Business had been good but for the Hepatitis E outbreak. According to Keenda, she used to have no less than 15 clients in one week.

“But now, my clientele is limited to people from the surroundings. During a good week, I serve an average four to eight clients, reducing my monthly income to 1,750 Namibian dollars (150.13 U.S. dollars) monthly,” she said.

A stone’s throw away from Keenda’s salon is the hair salon of 32-year-old Loide Shikongo, who is going all out to attract customers.

“Sister, can I do your hair,” she offers as she scouts for new business to passersby.

“Of late business has not been promising due to Hepatitis E outbreak. So we scramble for clients,” she says

In the wake of the outbreak, people working in the informal economy are facing unpredictable patterns of income, says Keenda.

The Namibia Labor Force Survey 2016 Report shows that 66.5 percent of the employed population are in informal employments. “These comprised of 65.6 percent of males and 67.5 percent of females.
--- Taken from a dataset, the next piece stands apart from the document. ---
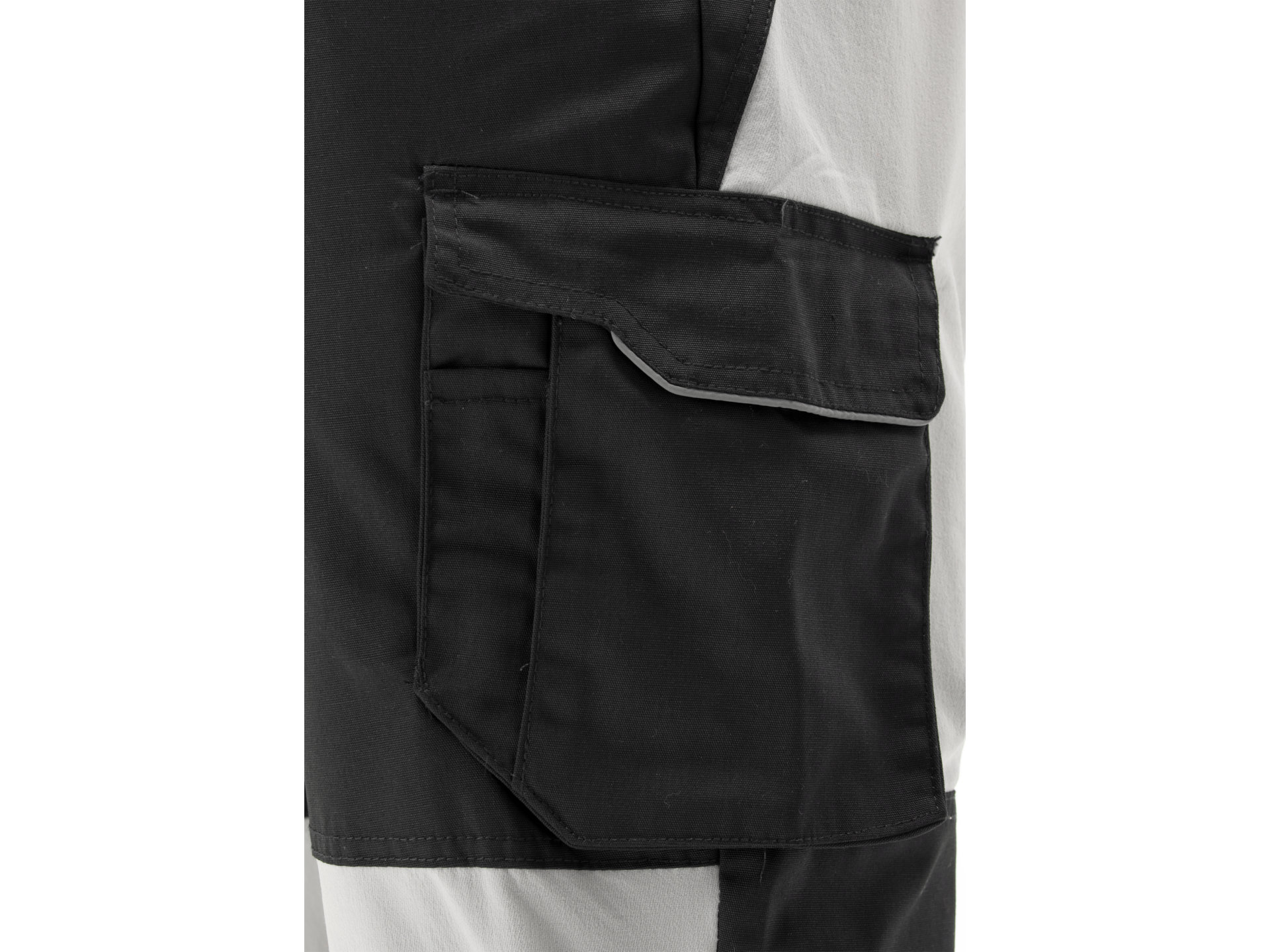 Elastyczne wstawki z poliamidu (94%) i elastanu (6%) umożliwiają rozciąganie materiału we wszystkich kierunkach. Rozwiązanie eliminuje ograniczenia ruchowe podczas schylania, klękania czy pracy w pozycji przysiadu. Materiał wstawek o gramaturze 270 g/m² zachowuje trwałość mimo zwiększonej elastyczności.

In addition, 57.3 percent of the employed population in urban areas and 81.1 percent of employments in rural areas were in informal employments,” reads the report.
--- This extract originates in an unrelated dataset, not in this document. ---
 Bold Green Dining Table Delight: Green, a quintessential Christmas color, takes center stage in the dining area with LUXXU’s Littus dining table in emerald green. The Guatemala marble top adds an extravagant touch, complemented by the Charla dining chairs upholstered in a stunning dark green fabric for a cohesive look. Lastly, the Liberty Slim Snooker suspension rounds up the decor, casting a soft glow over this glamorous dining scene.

In addition, a report on migration by the International Organization for Migration puts the number of workers in Namibia in informal economy at 324,000.

According to the hairdressers, other services offered such as sales of hair products have also been affected. “Clients also used to buy items such as braids directly from us. Since clients hardly come, we barely stock any hair products to sell,” adds Shikongo.

To keep afloat, the hairdressers are going extra miles to provide better services.

“I try and follow up with clients and go and plait their hair from where they are. But even with that; business is not easy to come by,” says Keenda.

“We also offer reduced prices to at least earn some money rather than nothing. I have two children to support,” says Shikongo.

Local constituency councillor, Martin David says that dwellers’ operations have been affected by the outbreak, most of which could have long-term negative effects and may be crippling their livelihoods.

In the meantime, David says that the Windhoek Municipality has rolled out cleaning campaigns to eliminate Hepatitis E and plans are underway to supply short-term and long-term solutions including sanitation facilities in informal settlements.

During a clean-up campaign held over the weekend, Mayor of Windhoek, Muesee Kazapua cited the spread of Hepatitis E to vendors in informal settlements, who dispose water in their space of trade.

In the interim, hairdressers, solely dependent on hair business to make ends meet, say they are not giving up and are hopeful for business prosperity.

“With the mass cleaning campaign and education we hope the area be declared Hepatitis E free. Then we can re-strategize how we can earn our clients back,” says Keenda.

So far, over 746 cases of hepatitis E have been reported by the Ministry of Health and Social Services.